これらの新しい知見から導き出される結論は、次のようなものであるとしか言いようがない。 人間の特性はそのゲノムに根ざしているが、胚ゲノムというオープンシステムでは、そのゲノムをもとにどのように人間が成長するかは決して決定されない。たとえ、最後の分子まで正確に複製された胚を、子宮内で全く同じ状況下で成長させることができたとしても──「別の人間が出現するだろう」とベルリンの遺伝学者ニコラウス・ラジェフスキーは断言する。そしてそれは、教育や文化の影響がない場合でも同じである。

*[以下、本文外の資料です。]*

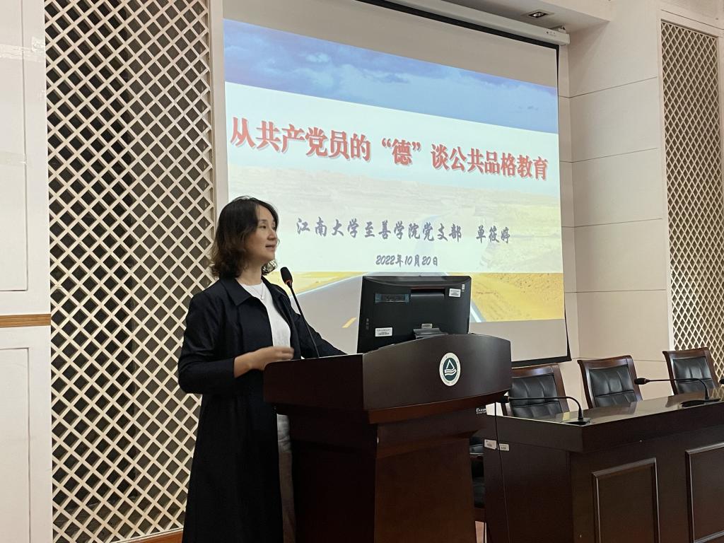 10月20日下午,Bet365国内网址 党委特邀至善学院副院长单筱婷讲授“从共产党员的‘德’谈公共品格教育”主题党课。学院150余名师生在学院D328会议室聆听了本次党课。活动由辅导员李灿主持。

遺伝的プロセスの複雑さと不確定性を考慮すると、最適化された人間設計の多くのビジョンと、遺伝子研究の危険性に対する多くの警告もまた、現在では大幅に単純化された低俗な生物学主義として露呈している。ゲノムをいじることは想像以上に複雑であることが証明されつつある。そして、才能ある芸術家、優秀な研究者、あるいは単に愛する人を同一の形で復活させるためにクローンが使われるかもしれないという空想は、おそらく永遠に希望的観測のままであろう。